Верность вождю и любовь к нему будут смотреться со стороны не психованной экзальтацией и не подобием культа личности сакрального пророка-основателя новой религии, а унаследованным первородным чувством, как любовь к матери и любовь к родине. Но если на крутом повороте истории страны новый вождь объявит прежнего вождя агентом царской охранки, насильником, убийцей, сексуальным извращенцем и совокупным шпионом португальской, перуанской и папуасской разведок, то и такая новость будет воспринята воспитанным народом без задержки и без гармонических колебаний. Памятники былого кумира под улюлюканье и вдохновляющее распитие спиртного будут сброшены с постаментов; портреты, с плясками и хороводами вокруг костров, сожжены; собрания сочинений сданы в макулатуру; а родственники прежнего вождя будут освобождены от всех постов, лишены правительственных наград, персональных автомобилей, государственных дач и, в зависимости от темперамента нового вождя, превращены в лагерную пыль или выдворены за границу.

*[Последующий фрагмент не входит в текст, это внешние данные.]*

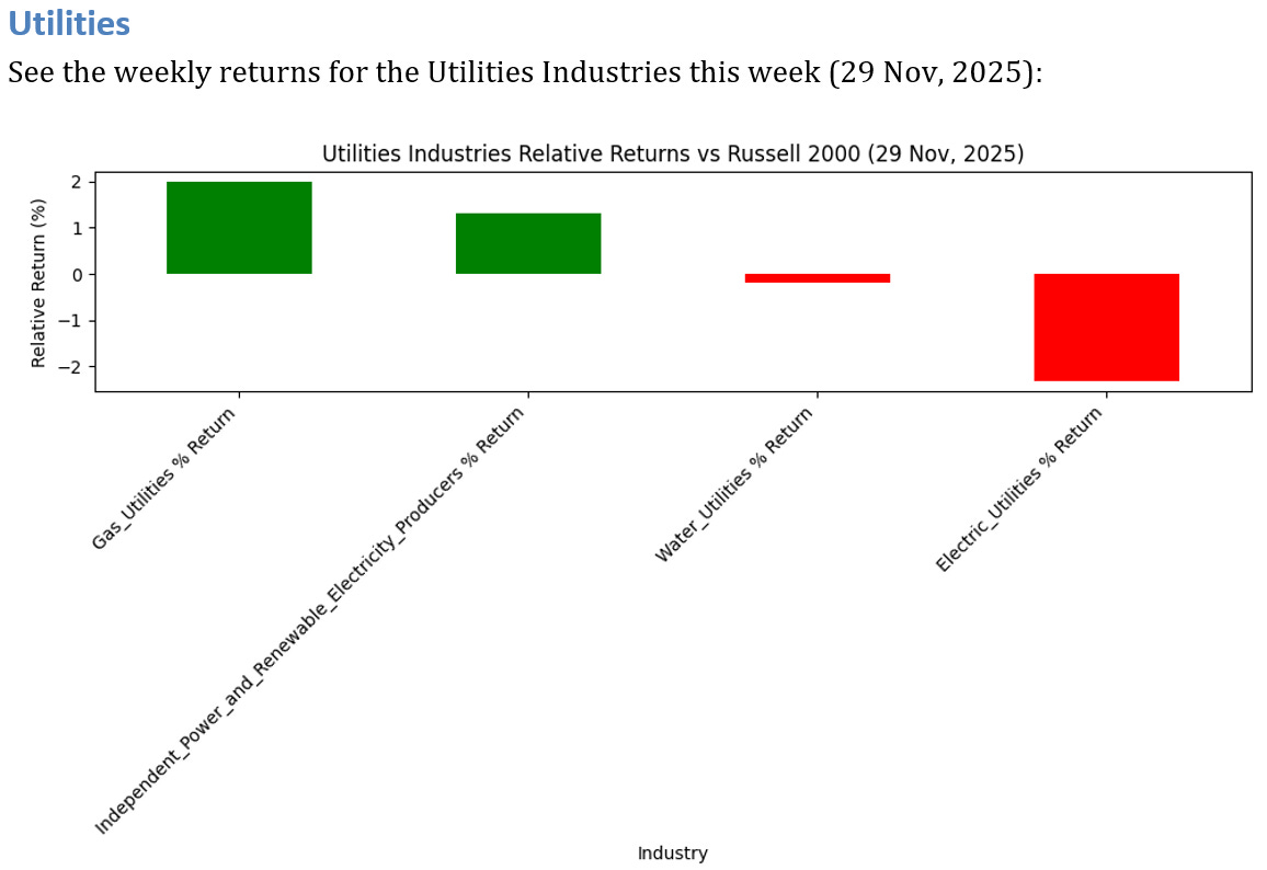 See below for the weekly performance of 4 Utilities Industries.
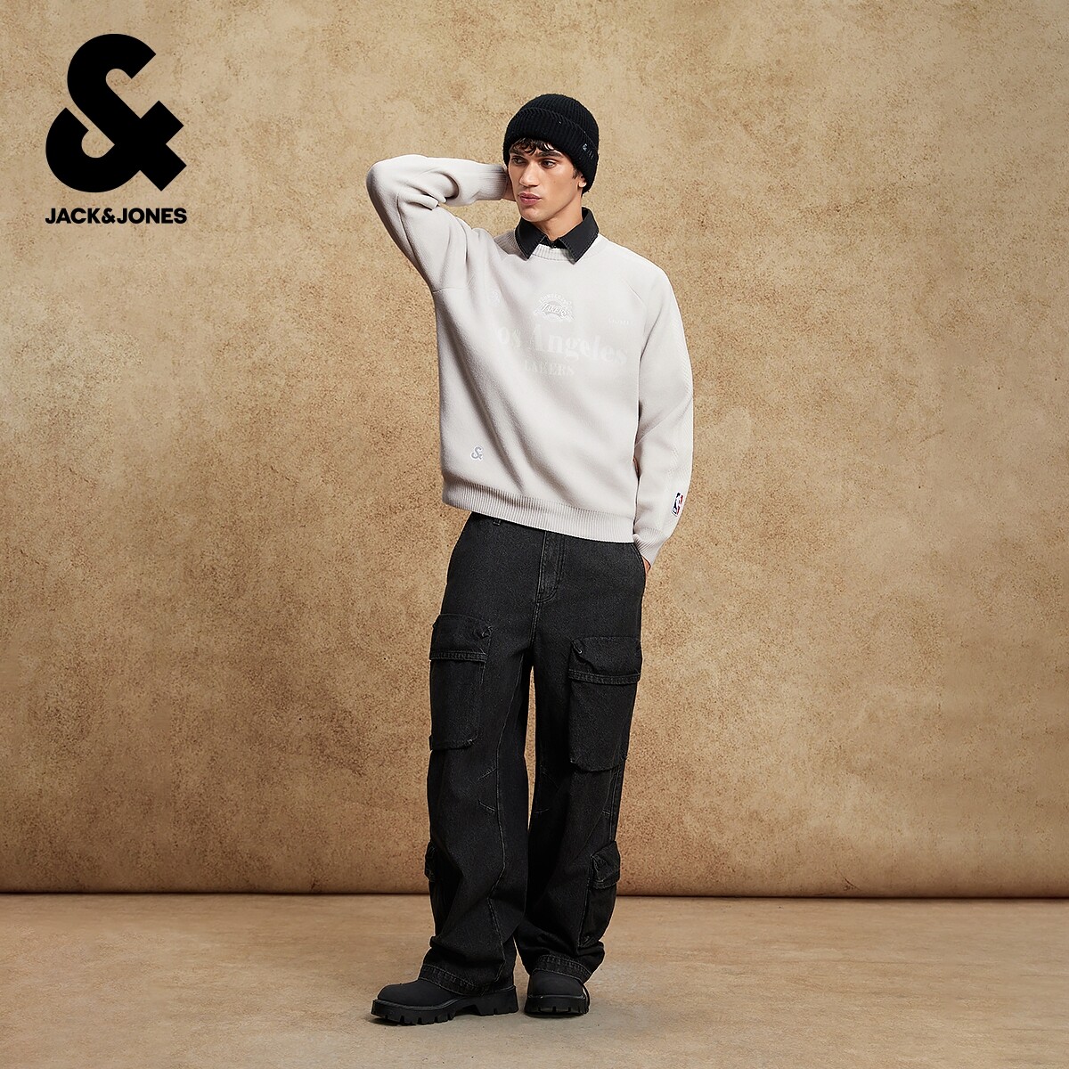 【NBA联名湖人队】杰克琼斯男装春季毛衣针织上衣纯色宽松休闲
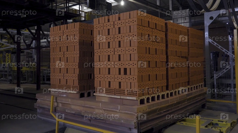 Кирпичная фабрика. Завод по производству строительного материала с готовым кирпичом, промышленное строительство. Производство кирпичей на фабрике. Рабочий процесс, крупный снимок. Кувшины кирпичей. Много HD-кирпичей
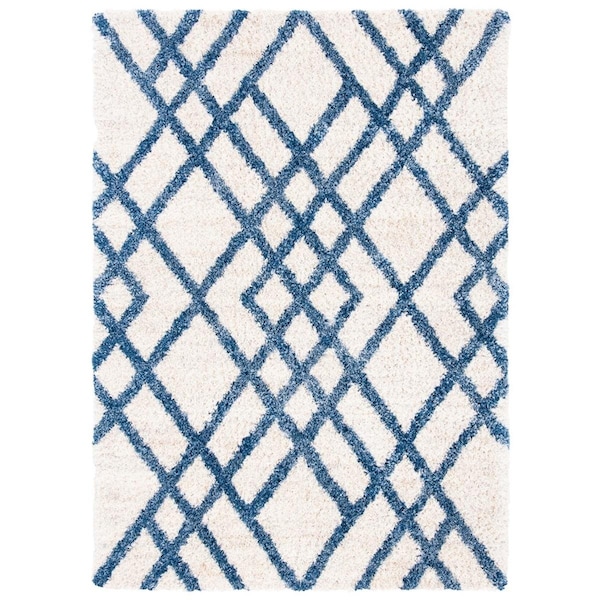 Berber Shag 200 Power Loomed Rectangle Area Rug; Ivory & Blue - 9 x 12 ft. (Discontinued)

В мирное время все будут самоотверженно трудиться, предпочитая общественное благо личному счастью, а в случае войны – героически и, также все как один, не щадя жизни сражаться. Карательные органы будут упразднены за ненадобностью, так как исчезнет не только политическая, уголовная, бытовая и хозяйственная преступность, но и любые нарушения правил социалистического общежития. Никто не будет лезть за водкой без очереди, носить стиляжий прикид, ходить по газонам, курить, плевать и грызть семечки в кинотеатрах, мочиться, заниматься любовью и выкручивать лампочки в подъездах, кормить личных свиней государственным печёным хлебом и гонять громкую музыку типа: «Мы идём по Уругваю, ночь хоть выколи глаза, слышны крики попугаев, обезьяньи голоса; или о Сан-Луи, Лос-Анжелос объединили в один колхоз» вечером после одиннадцати. Так будет везде и будет всегда до того отдалённого момента времени, когда, истратив весь термояд, погаснет наше светило. И коммунизм тогда, несомненно, будет построен, и все получат по потребностям, наследственно закреплённым и потому – разумным по величине и направлению.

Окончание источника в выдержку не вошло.